• **INFORMATION SHOWN**
════════
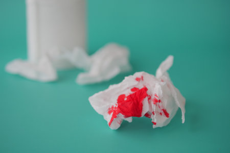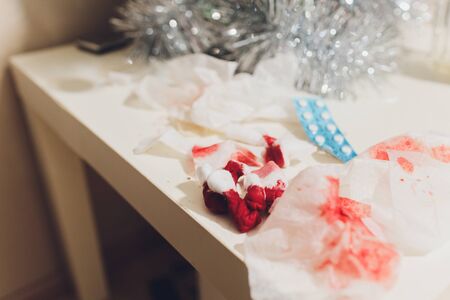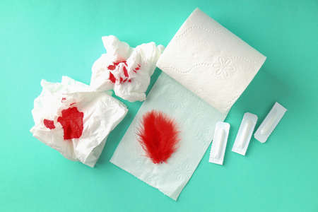 Blood on the tissues on light green background
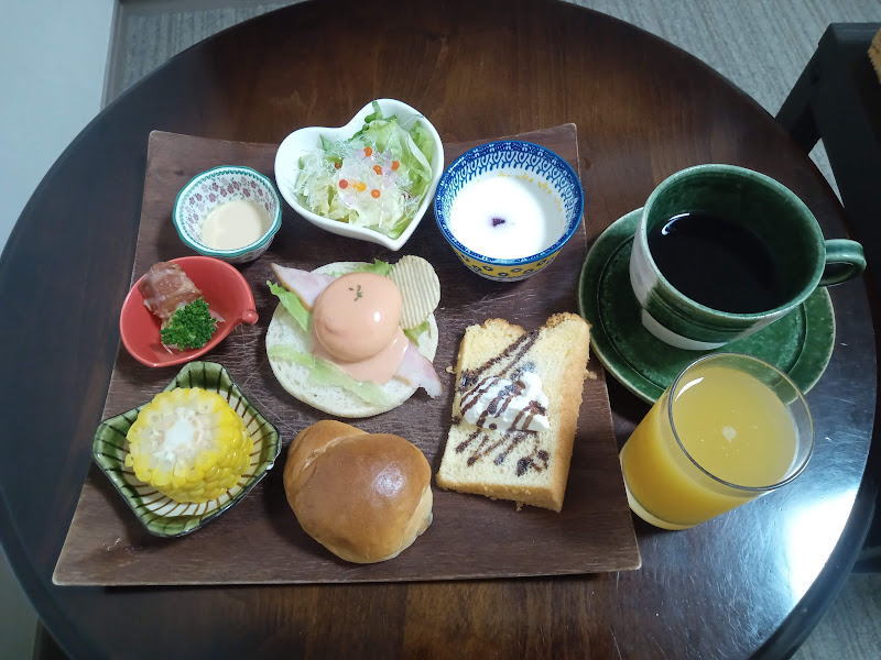 こちら朝食。HPには軽朝食と書いてありますけれど、意外と量があり種類もたくさん。コーヒーとジュースも付いていて美味しい。
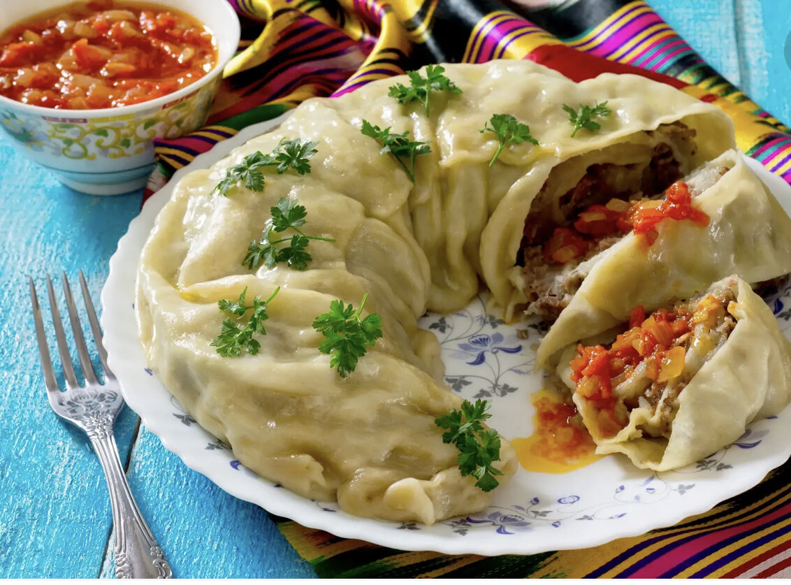 Это блюдо встречается в разных народных кухнях, бывает узбекский, таджикский, казахский ханум, они немного отличаются рецептом приготовления, но суть та же, ханум (ханума) – это паровой рулет из пресного теста и мясного фарша (а может быть ханум с добавлением овощей или тыквы).
════════
• **THE TASK**
All of the material goes into the answer exactly as it stands, except for the pictures.

• **SOLVED EXERCISE**
 Blood on the tissues on light green background
 こちら朝食。HPには軽朝食と書いてありますけれど、意外と量があり種類もたくさん。コーヒーとジュースも付いていて美味しい。
 Это блюдо встречается в разных народных кухнях, бывает узбекский, таджикский, казахский ханум, они немного отличаются рецептом приготовления, но суть та же, ханум (ханума) – это паровой рулет из пресного теста и мясного фарша (а может быть ханум с добавлением овощей или тыквы).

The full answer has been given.